与此同时,野兽毁灭的反击速度非常快。您可以保存野兽并在Sherlock之前找到钥匙吗?
Meanwhile, the counter to the destruction of 'The Beast' is running very fast. Can you save 'The Beast', and find the key before Sherlock?
我正在尝试解决hackerrank中的 Sherlock and the beast问题(上图),这是我的结尾是什么-
I am trying to solve "Sherlock and the beast" problem (above) in hackerrank and here is what I ended with -
import java.io.*;
import java.util.*;
public class Solution {
public static void main(String[] args) {
Scanner s = new Scanner(System.in);
int n = s.nextInt();
for(int i=0;i<n;i++) {
int subject = s.nextInt();
if(isPerfectlyDivisible(subject, 3)) {
System.out.println(stringBuilder("5", subject));
continue;
}
if (isPerfectlyDivisible(subject, 5)) {
System.out.println(stringBuilder("3", subject));
continue;
}
if(!isPerfectlyDivisible(subject, 5) && !(isPerfectlyDivisible(subject, 3))) {
List<Integer> multipliers = dividedMultipliers(subject);
if (multipliers.isEmpty()) {
System.out.println("-1");
} else {
System.out.println(stringBuilder("5", multipliers.get(0))+stringBuilder("3", multipliers.get(1)));
}
}
}
}
private static boolean isPerfectlyDivisible(int n, int divider) {
if (n < divider) return false;
if (n%divider == 0) return true;
return false;
}
private static List<Integer> dividedMultipliers(int n) {
List<Integer> multipliers = new ArrayList<Integer>();
for(int i=n;i>0;i--) {
if( (i%3 == 0) && ((n-i)%5 == 0)) {
multipliers.add(i);
multipliers.add(n-i);
break;
}
}
return multipliers;
}
private static String stringBuilder(String s, int times) {
StringBuffer buffer = new StringBuffer();
for(int i=0;i<times;i++) {
buffer.append(s);
}
return buffer.toString();
}
}
有测试用例对此失败。我尝试查看输入为
There were test cases failing for this. I tried looking at one of the failing test cases whose input is
5
2194
12002
21965
55140
57634
令人惊讶的是 21965 输出为全5,而我上面的代码返回全3。这似乎是预期的输出。不确定该问题出在哪里?任何见解都会有所帮助
Surprisingly for 21965 the output is all 5's whereas my code above returns all 3's..which seems to be the expected output..Not sure where the issue? Any insights would be helpful
推荐答案
您正在寻找最大的体面数,因此您应该将5s最大化。例如,21965可被5整除,但最大的21965位体面数字不是仅由3组成的数字。它是21960 5和5 3的一个。
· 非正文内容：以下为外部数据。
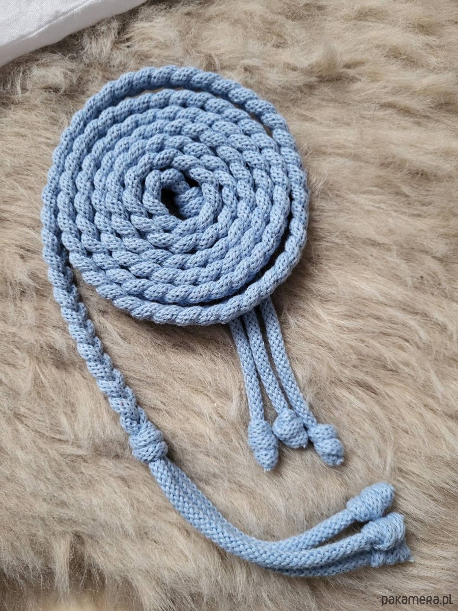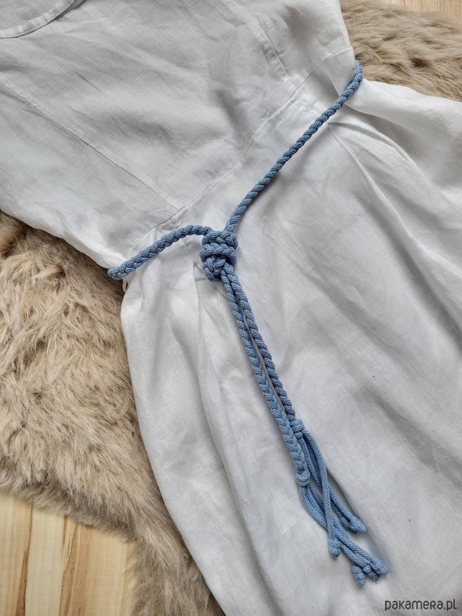 Błękitny Pasek do sukienki,tuniki wiązany cienki warkocz 130cm (r.36-38)

You are looking for the largest decent number, so you should maximise the number of 5s. For example, 21965 is divisible by 5, but the largest 21965-digit decent number is not one that consists of 3s only; it is one that has 21960 5s and 5 3s.
您的 dividedMultipliers 例程已经使用了最多5s,但是将可被5整除的数字视为特殊数字会破坏该逻辑;
Your dividedMultipliers routine already goes for the most 5s, but treating a number that is divisible by 5 as special undermines that logic; it will create the least optimum decent number.
摆脱这种特殊情况。 (您也可以摆脱另一种特殊情况,即检查仅由5组成的数字,因为 dividedMultipliers 会在第一次迭代中立即处理该情况。)
Get rid of that special case. (You could also get rid of the other special case which checks against a number consisting of only 5s, because dividedMultipliers handles that case immediately in the first iteration.)
这篇关于神探夏洛克与野兽-问题的文章就介绍到这了,希望我们推荐的答案对大家有所帮助,也希望大家多多支持IT屋!